La investigación en didáctica ha mostrado la existencia de grandes diferencias entre los objetivos de un programa de enseñanza y lo que realmente enseñan los docentes. (Cronin-Jones, 1991). Estas diferencias se refieren a la influencia ejercida por los docentes en la puesta en práctica de los programas de ciencias en la enseñanza secundaria. Esta posición es de vital importancia en una asignatura como la física, donde se denotan cambios radicales de los programas (algunos ya puestos en práctica) en este nivel. Por otra parte, quizás como consecuencia de esto, se observa un fuerte porcentaje de alumnos que no logran un éxito en física y además se observa en constante progresión una actitud negativa de los alumnos hacia las ciencias y a su aprendizaje (yager & Penich, 1985).

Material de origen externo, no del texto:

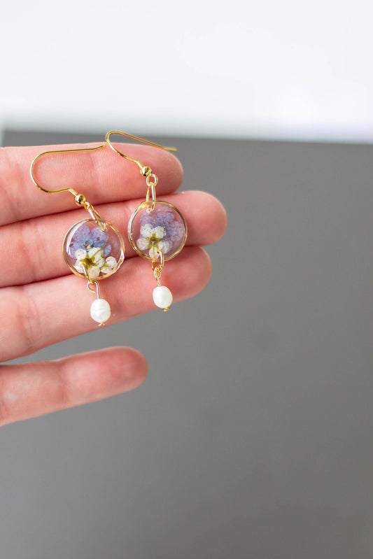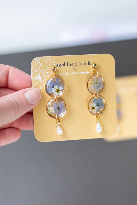 Regular price $27.00 USDRegular priceUnit price / per$0.00 USDSale price $27.00 USDPressed Forget Me Not and Pearl Earrings

Estos resultados van en contra de la idea simplista de la enseñanza de las ciencias como una actividad que exige unicamente un sólido saber científico, así como una cierta experiencia. Es decir, estos resultados han puesto en evidencia que la formación de un docente no puede ser reducida a una serie de cursos científicos, como se ha venido haciendo hasta ahora.

Un método, experimentado en numerosos paises, consiste en completar los cursos científicos por cursos relativos a la enseñanza propiamente dicho. ¿Cuáles son los resultados de este método ?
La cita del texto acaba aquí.